Bad Hersfeld. Das Urteil des Marburger Sozialgerichts von vergangener Woche, nach dem der Landkreis Marburg-Biedenkopf die Fahrtkosten von ärmeren Schülern auch nach Abschluss der Mittelstufe bezahlen muss, wird sich im Kreis Hersfeld-Rotenburg nicht auswirken. Das erklärte der Sprecher des Landrats, Michael Adam, auf Anfrage.

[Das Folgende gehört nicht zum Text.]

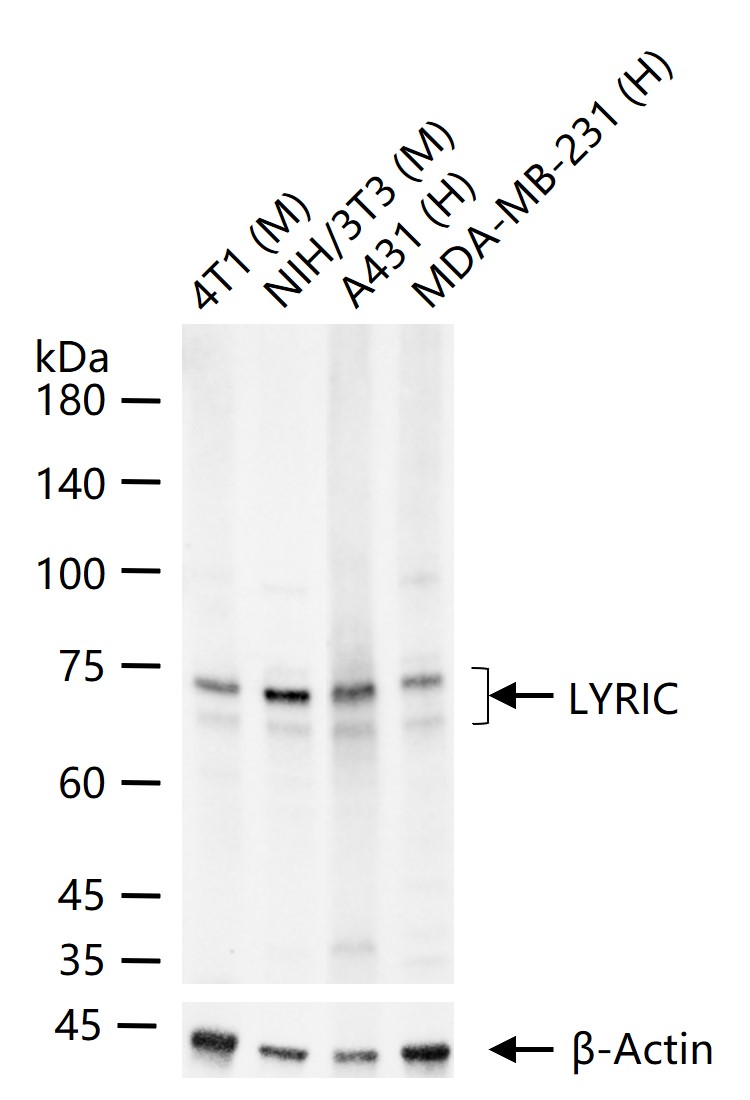 25 ug total protein per lane of various lysates (see on figure) probed with LYRIC monoclonal antibody, unconjugated (bsm-61692R) at 1:1000 dilution and 4°C overnight incubation. Followed by conjugated secondary antibody incubation at r.t. for 60 min.

„Das Urteil gilt für diesen Einzelfall“, sagte Adam. Gegebenenfalls müsse jeder Einzelne klagen. Im Gesetz stehe eindeutig, dass die Fahrtkosten nur bis zum Ende der Sekundarstufe I gezahlt werden müssten. „Daran halten wir uns, und daran hat das Urteil nichts geändert.“

Natürlich gebe es auch im Kreishaus Diskussionen darüber, ob es nicht sinnvoller sei, Kindern, die abhängig von Sozialzuschüssen sind, bessere Bildungschancen zu ermöglichen, indem man die Fahrtkosten zahle. Aber: „Bei allem guten Willen – wir können es nicht“, erklärte Adam und verwies auf die Auflagen des Regierungspräsidenten. „Wenn wir zahlten, wäre das eine freiwillige Leistung. Und die bekämen wir aufgrund des defizitären Haushaltes nicht genehmigt.“

Der Kreisverband der Grünen empfiehlt dennoch allen betroffenen Familien, sich bei ihrer Forderung auf das Urteil zu beziehen. „Mit diesem Urteil im Hintergrund kann die Kostenübernahme nicht mehr verweigert werden“, glaubt Sprecherin Irmgard Winkelnkemper (Alheim). Die Grünen fordern in einem Antrag an die Landesregierung eine Gesetzesinitiative, mit der klargestellt werden soll, dass die Kosten für den Schulweg zu den Leistungen nach Sozialgesetzbuch II (Hartz-Regeln) gehören. Der Vorschlag entspreche der aktuellen Rechtsauffassung, bringe den betroffenen Familien Klarheit, sei sofort umsetzbar und verursache für Kommunen und Land keine zusätzlichen Kosten, zitiert Winkelnkemper den bildungspolitischen Sprecher der Grünen im Landtag, Mathias Wagner. (sis)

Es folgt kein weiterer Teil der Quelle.